Wednesday, December 23, 2009

The Birth of the Rebel Jesus (Reconsidering Ronald Reagan)

´´When I give food to the poor, they call me a saint. When I ask why the poor have no food, they call me a communist.´´ -Archbishop Dom Hélder Camara






First of all, merry Christmas! As I celebrate Christmas in an entirely new way (expect a post on how Christmas is celebrated here in the next month…but I want to wait to write that until I’ve actually celebrated it!), know that I am thinking of and praying for each of you and hoping that you have a joyful holiday season.

This Christmas post has an admittedly strange subject (Ronald Reagan and the effect of U.S. neoliberal economic policies on Latin America), but it’s inspired by and structured around Jackson Browne’s beautiful, tongue-in-cheek, and profoundly challenging ballad “The Rebel Jesus.” Stanzas of the song will be included in italics. I recommend taking the time to listen to the song itself in this video.

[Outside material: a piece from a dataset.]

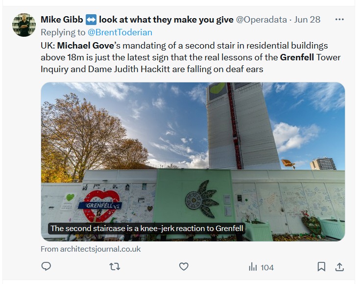 In April 2023, the London Fire Brigade issued an enforcement notice to Block Management UK, the management company for the building, urging it to review its fire risk assessment and emergency plan and implement preventative measures.
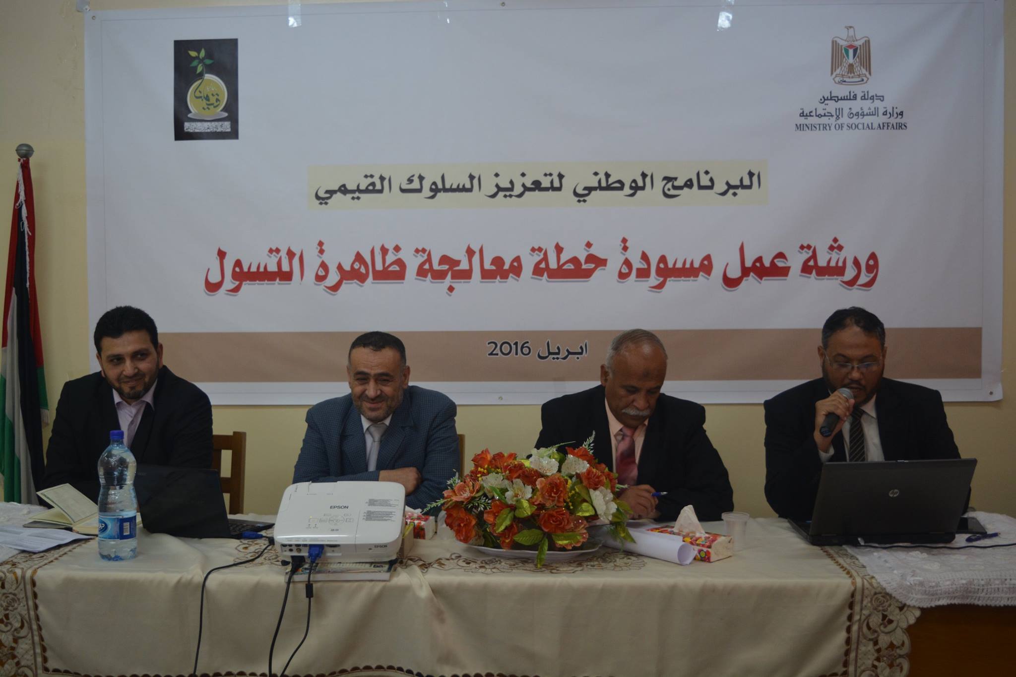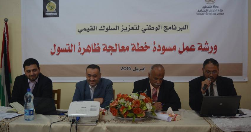 عقدت وزارة الثقافة وبالتعاون وزارة الشؤون الاجتماعية لصياغة مسودة خطة لمعالجة ظاهرة التسول، وذلك ضمن فعاليات البرنامج الوطني لتعزيز السلوك القيمي في المجتمع الفلسطيني "قيمنا بها نحيا"، حضرها سمير مطير وكيل مساعد وزارة الثقافة، ويوسف إبراهيم وكيل وزارة الشؤون الاجتماعية، وأنور البرعاوي وكيل مساعد وزارة التربية والتعليم العالي، وممثلين عن الوزارات المؤسسات الحكومية ومؤسسات المجتمع المدني والشخصيات البارزة.

Before proceeding any farther, I want to admit up front that this post is going to be honest and strongly opinionated. I recognize that, and I know that many of you will disagree with me. I know that many of you (including my dear parents – Hi Mom, Hi Dad) voted for Ronald Reagan. Many agree that his ideas of capitalism and neoliberal economics are in fact the best way to govern our country and our world. At least one of you (hello James, if you’re reading this) sleeps with a framed picture of the man next to your bed! Forgive me then, friends, if I speak too strongly. My purpose is not to offend you but to offer a different perspective, one widely held in Peru and as far as I know among the majority of the Latin American world (not including the proportionally miniscule rich aristocracy), on policies that we often take for granted as “necessary to defend democracy and freedom.” I want to offer you the perspective, as far as I understand it, of those who have lived through the negative effects of these policies and who know better than any of us ever could that in the economic and foreign policy decisions of the United States, there are Lives in the Balance.

All that said, let us begin:

All the streets are filled with laughter and light
And the music of the season,
And the merchants’ windows are all bright
With the faces of the children.
And the families hurrying to their homes,
As the sky darkens and freezes,
Will be gathering around their hearths and tables
Giving thanks for God’s graces
And the birth of the Rebel Jesus.

Many of you know that I tend to identify myself more with the left end of the political/theological/economic spectrum (Understatement? Yes.) And because of that, I have encountered many difficulties working with the more theologically and socially conservative Protestant church here in Peru. However, something very interesting I’ve noticed is that regardless of how conservative the people I’ve met are in their religious beliefs or understanding of personal moral conduct (no dancing, no drinking, etc.), none of them are economically conservative as we define it in the United States. And they all have their fair share of complaints about the policies of good ole’ George W. Bush.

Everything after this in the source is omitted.